- **Exercise instructions**:
Below are records to be repeated exactly. Leave their pictures behind.

- **Data provided**:
"""

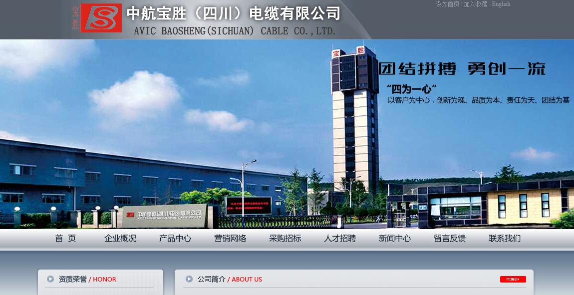 中航寶勝(四川)電纜有限公司是寶勝科技創(chuàng)新股份有限公司控股原四川劍南春股份旗下四川金瑞電工有限責(zé)任公司變更后成立。寶勝集團(tuán)作為中航寶勝(四川)電纜有限公司的實(shí)際控制人,是中國500強(qiáng)企業(yè)、中國線纜行業(yè)最具競爭力企業(yè)10強(qiáng)、國家重點(diǎn)高新技術(shù)企業(yè)、國家首批“重信用、守合同”企業(yè)和全國質(zhì)量效益型先進(jìn)企業(yè),擁有國家級(jí)企業(yè)技術(shù)中心和博士后科研工作站,目前共有40個(gè)科技項(xiàng)目被列入國家火炬、星火計(jì)劃和高新技術(shù)創(chuàng)新項(xiàng)目,70個(gè)產(chǎn)品填補(bǔ)國內(nèi)空白,35個(gè)產(chǎn)品被評(píng)為國家級(jí)新品,獲得國家專利技術(shù)180項(xiàng),參與起草、編制國家及行業(yè)標(biāo)準(zhǔn)82項(xiàng),取得300多項(xiàng)省部級(jí)科技成果。公司相繼通過ISO9001質(zhì)量體系、ISO14001環(huán)境體系、ISO10012計(jì)量體系以及“UL”、“3C”、“船社級(jí)”等國內(nèi)外權(quán)威認(rèn)證,“寶勝”牌電纜連續(xù)六年被認(rèn)定為國內(nèi)電纜行業(yè)唯一的“標(biāo)志性”品牌,繞組線連續(xù)三年被評(píng)為“四川省名牌產(chǎn)品”稱號(hào),享譽(yù)海內(nèi)外。中航寶勝(四川)電纜有限公司專業(yè)生產(chǎn)300多個(gè)品種、30000多個(gè)規(guī)格的祼銅線、高低壓電力電纜、電氣裝備用電纜、礦物絕緣電纜、鋁合金導(dǎo)體、換位線、紙包線、漆包線、玻璃絲包線、銅排、核電站核島繞組專用引接線以及電纜附件系統(tǒng)等產(chǎn)品。近年來,中航寶勝相繼成為國家電網(wǎng)公司、南方電網(wǎng)公司、中石油、中石化、中海油以及中國華能、中國大唐、中電投等五大發(fā)電公司的重點(diǎn)合作供應(yīng)商,并成功參與首都機(jī)場、上海浦東機(jī)場、廣州白云機(jī)場、天安門維修工程、國家體育場、世博中國館、國家大劇院、中央電視臺(tái)新大樓、北京奧運(yùn)工程、三峽工程、黃河小浪底工程、嶺澳核電站、田灣核電站、德陽-寶雞直流工程、新疆哈密送出工程、寧夏賀南山變電站擴(kuò)建工程、新加坡電網(wǎng)工程以及750kV及以下的國家電網(wǎng)工程應(yīng)用。中航寶勝(四川)電纜有限公司產(chǎn)品以優(yōu)良的品質(zhì)保證了設(shè)備平穩(wěn)運(yùn)作和工程順利進(jìn)展,贏得客戶充分肯定。展望未來,中航寶勝(四川)電纜有限公司將持之以恒地肩負(fù)“傳輸幸福能量、智引工業(yè)未來”的使命,以“高端化、產(chǎn)業(yè)化、國際化、信息化”為思路,把自身打造成凝聚員工人心、股東有信心、對(duì)社會(huì)有責(zé)任心、監(jiān)管部門放心的優(yōu)秀企業(yè),成為卓越的電能與智能產(chǎn)業(yè)公司!
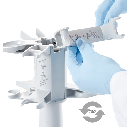 Pipety na statywie przechowywane są bezpiecznie, nie dotykając podłoża, co zapobiega kontaminacjom. Uchwyty do statywu mogą być stosowane zamiennie, a ich montaż jest prosty i nie wymaga dodatkowych narzędzi. Uchwyty na statywie mogą być ustawiane w dwóch orientacjach (obracane o 180 stopni).
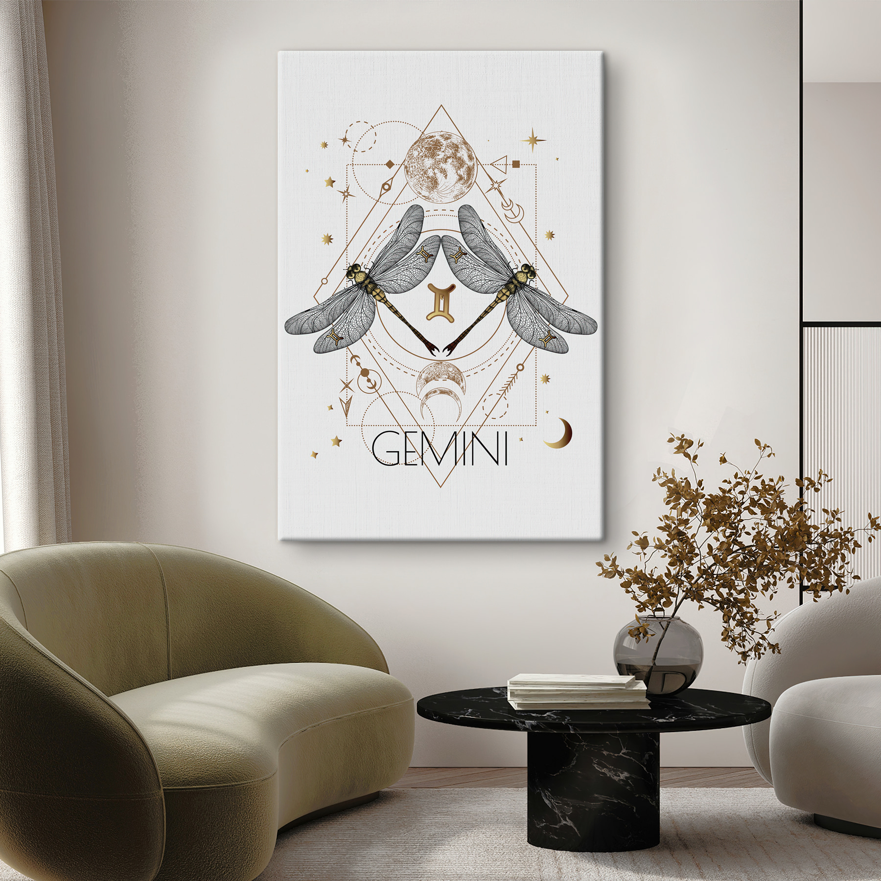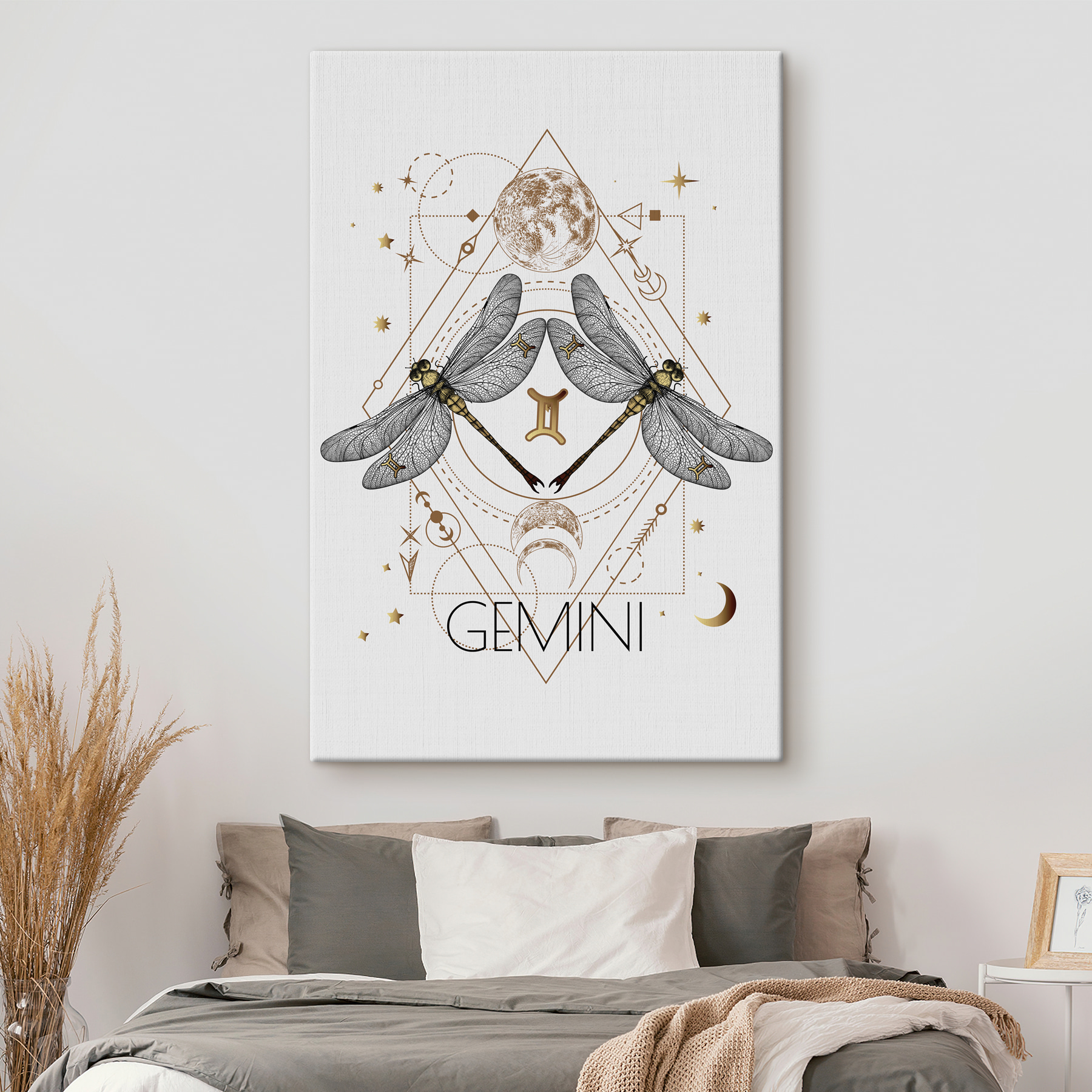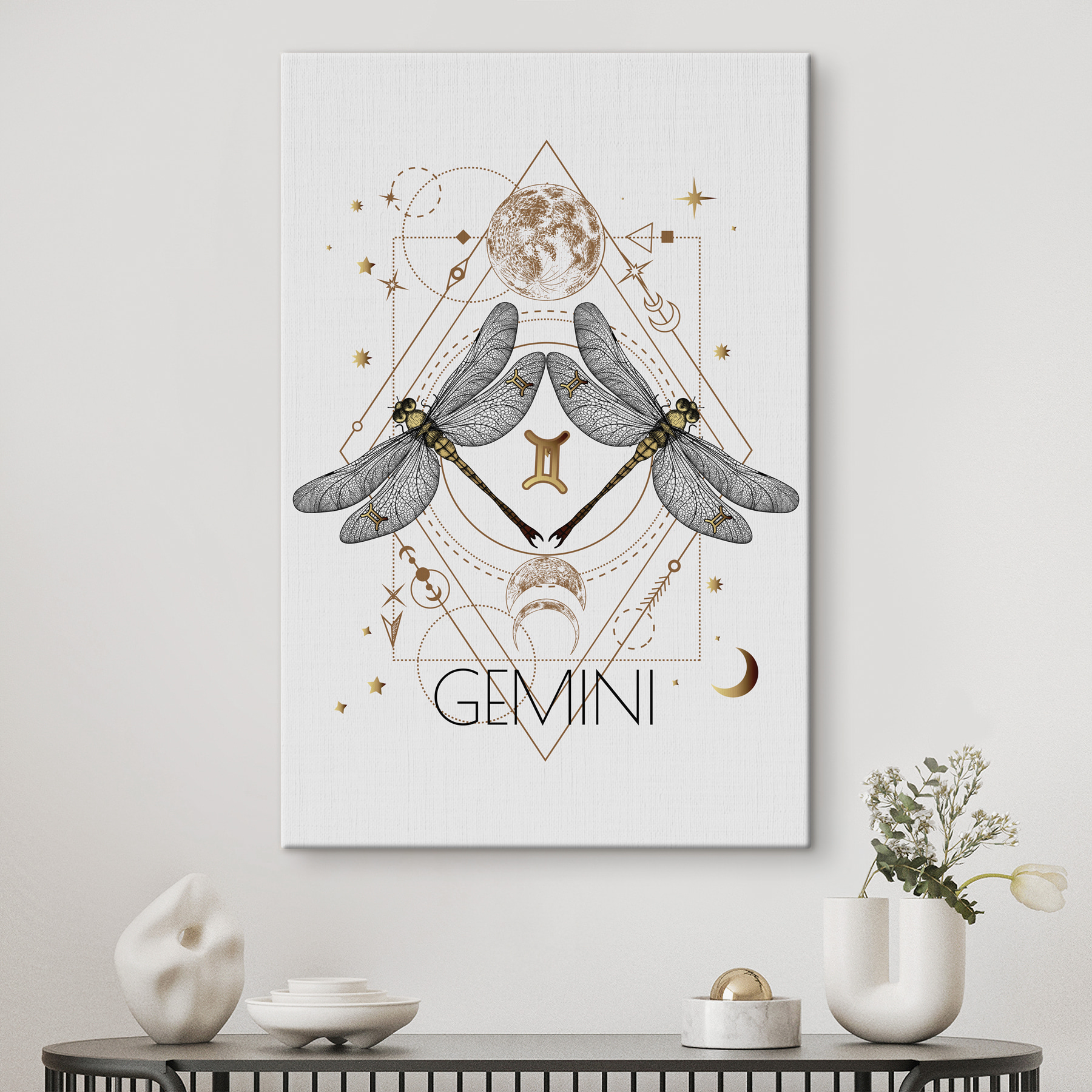 Odmień każdą przestrzeń dzięki temu kapryśnemu obrazowi na płótnie “Ważka ze skrzydłami”. Obraz przedstawiający ważki tańczące wokół niebiańskich symboli jest jak zaproszenie odrobiny natury i mistycyzmu do swojego domu. Wyobraź go sobie nad swoim ulubionym kącikiem do czytania lub inspirującym kącikiem, któremu przydałaby się odrobina osobowości. Delikatne detale wzbudzają ciekawość i zachęcają do rozmowy – znajomi nie omieszkają przyjrzeć się im bliżej. To nie tylko wydruk; to doświadczenie, które tchnie życie w twoje ściany, tworząc idealny klimat zarówno na przytulne noce, jak i słoneczne dni. Idealny dla tych, którzy cenią sobie odrobinę stylu boho lub minimalistycznego uroku!
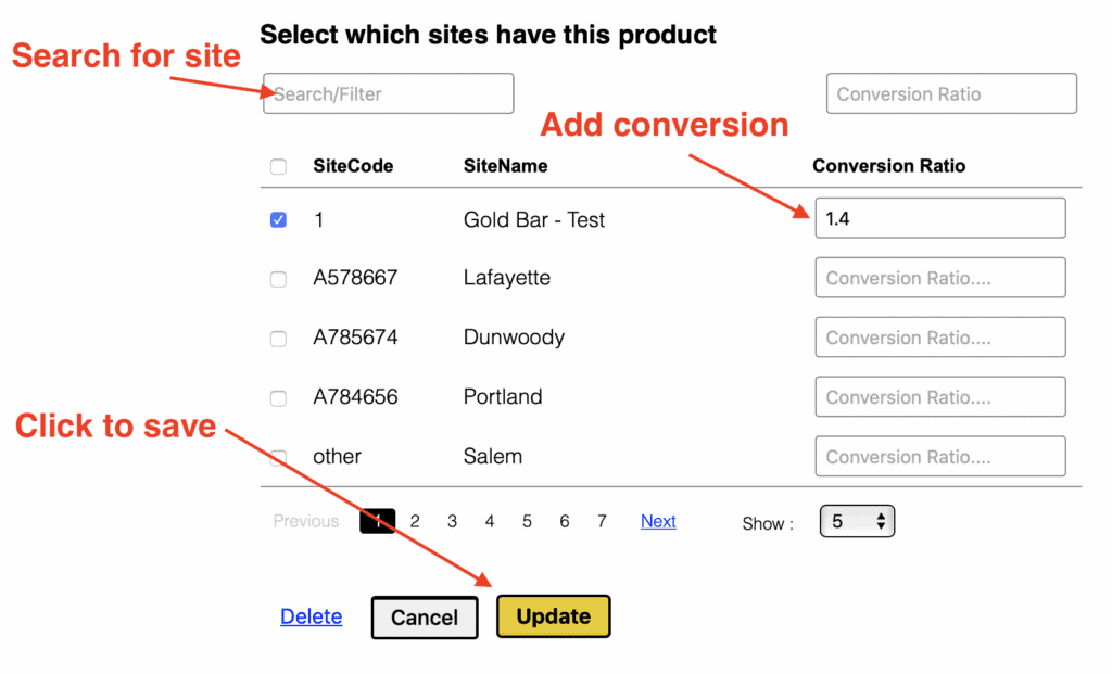 - Select Which Sites Have This Product: Check mark the boxes for each site for which the product is associated. Fill in the associated tons per cubic yard conversion ratio for each selected site
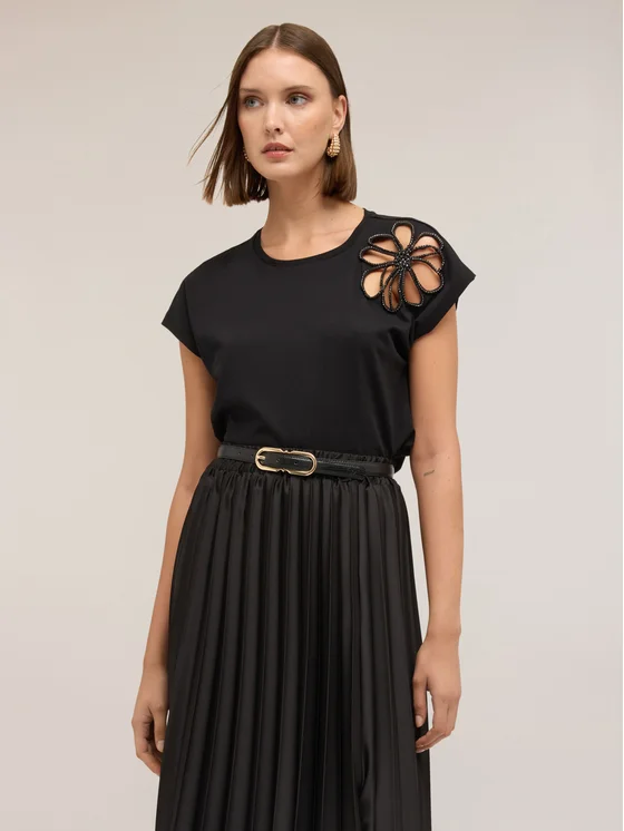 T-shirt in jersey di cotone; vestibilità regular con cut-out ricamato floreale; scollatura girocollo e maniche corte a kimono
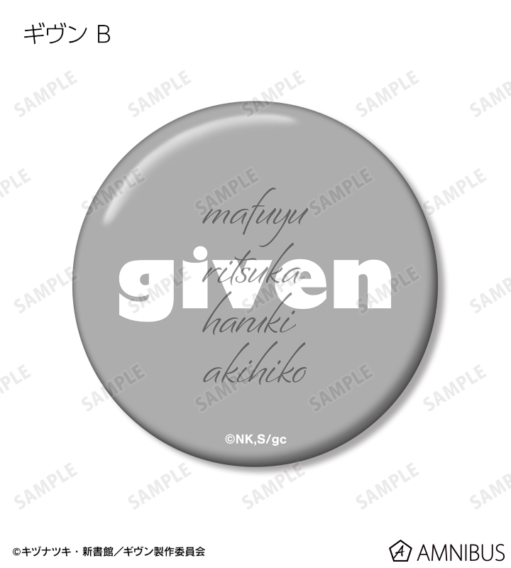 『映画 ギヴン 海へ』から日常で使える統一感をテーマにしたデザインシリーズ「ar-Unity」のアイテム「ギヴン ar-Unity 缶バッジ2個セット」の登場です。

"""

- **Answer box**:
 中航寶勝(四川)電纜有限公司是寶勝科技創(chuàng)新股份有限公司控股原四川劍南春股份旗下四川金瑞電工有限責(zé)任公司變更后成立。寶勝集團(tuán)作為中航寶勝(四川)電纜有限公司的實(shí)際控制人,是中國500強(qiáng)企業(yè)、中國線纜行業(yè)最具競爭力企業(yè)10強(qiáng)、國家重點(diǎn)高新技術(shù)企業(yè)、國家首批“重信用、守合同”企業(yè)和全國質(zhì)量效益型先進(jìn)企業(yè),擁有國家級(jí)企業(yè)技術(shù)中心和博士后科研工作站,目前共有40個(gè)科技項(xiàng)目被列入國家火炬、星火計(jì)劃和高新技術(shù)創(chuàng)新項(xiàng)目,70個(gè)產(chǎn)品填補(bǔ)國內(nèi)空白,35個(gè)產(chǎn)品被評(píng)為國家級(jí)新品,獲得國家專利技術(shù)180項(xiàng),參與起草、編制國家及行業(yè)標(biāo)準(zhǔn)82項(xiàng),取得300多項(xiàng)省部級(jí)科技成果。公司相繼通過ISO9001質(zhì)量體系、ISO14001環(huán)境體系、ISO10012計(jì)量體系以及“UL”、“3C”、“船社級(jí)”等國內(nèi)外權(quán)威認(rèn)證,“寶勝”牌電纜連續(xù)六年被認(rèn)定為國內(nèi)電纜行業(yè)唯一的“標(biāo)志性”品牌,繞組線連續(xù)三年被評(píng)為“四川省名牌產(chǎn)品”稱號(hào),享譽(yù)海內(nèi)外。中航寶勝(四川)電纜有限公司專業(yè)生產(chǎn)300多個(gè)品種、30000多個(gè)規(guī)格的祼銅線、高低壓電力電纜、電氣裝備用電纜、礦物絕緣電纜、鋁合金導(dǎo)體、換位線、紙包線、漆包線、玻璃絲包線、銅排、核電站核島繞組專用引接線以及電纜附件系統(tǒng)等產(chǎn)品。近年來,中航寶勝相繼成為國家電網(wǎng)公司、南方電網(wǎng)公司、中石油、中石化、中海油以及中國華能、中國大唐、中電投等五大發(fā)電公司的重點(diǎn)合作供應(yīng)商,并成功參與首都機(jī)場、上海浦東機(jī)場、廣州白云機(jī)場、天安門維修工程、國家體育場、世博中國館、國家大劇院、中央電視臺(tái)新大樓、北京奧運(yùn)工程、三峽工程、黃河小浪底工程、嶺澳核電站、田灣核電站、德陽-寶雞直流工程、新疆哈密送出工程、寧夏賀南山變電站擴(kuò)建工程、新加坡電網(wǎng)工程以及750kV及以下的國家電網(wǎng)工程應(yīng)用。中航寶勝(四川)電纜有限公司產(chǎn)品以優(yōu)良的品質(zhì)保證了設(shè)備平穩(wěn)運(yùn)作和工程順利進(jìn)展,贏得客戶充分肯定。展望未來,中航寶勝(四川)電纜有限公司將持之以恒地肩負(fù)“傳輸幸福能量、智引工業(yè)未來”的使命,以“高端化、產(chǎn)業(yè)化、國際化、信息化”為思路,把自身打造成凝聚員工人心、股東有信心、對(duì)社會(huì)有責(zé)任心、監(jiān)管部門放心的優(yōu)秀企業(yè),成為卓越的電能與智能產(chǎn)業(yè)公司!
 Pipety na statywie przechowywane są bezpiecznie, nie dotykając podłoża, co zapobiega kontaminacjom. Uchwyty do statywu mogą być stosowane zamiennie, a ich montaż jest prosty i nie wymaga dodatkowych narzędzi. Uchwyty na statywie mogą być ustawiane w dwóch orientacjach (obracane o 180 stopni).
 Odmień każdą przestrzeń dzięki temu kapryśnemu obrazowi na płótnie “Ważka ze skrzydłami”. Obraz przedstawiający ważki tańczące wokół niebiańskich symboli jest jak zaproszenie odrobiny natury i mistycyzmu do swojego domu. Wyobraź go sobie nad swoim ulubionym kącikiem do czytania lub inspirującym kącikiem, któremu przydałaby się odrobina osobowości. Delikatne detale wzbudzają ciekawość i zachęcają do rozmowy – znajomi nie omieszkają przyjrzeć się im bliżej. To nie tylko wydruk; to doświadczenie, które tchnie życie w twoje ściany, tworząc idealny klimat zarówno na przytulne noce, jak i słoneczne dni. Idealny dla tych, którzy cenią sobie odrobinę stylu boho lub minimalistycznego uroku!
 - Select Which Sites Have This Product: Check mark the boxes for each site for which the product is associated. Fill in the associated tons per cubic yard conversion ratio for each selected site
 T-shirt in jersey di cotone; vestibilità regular con cut-out ricamato floreale; scollatura girocollo e maniche corte a kimono
 『映画 ギヴン 海へ』から日常で使える統一感をテーマにしたデザインシリーズ「ar-Unity」のアイテム「ギヴン ar-Unity 缶バッジ2個セット」の登場です。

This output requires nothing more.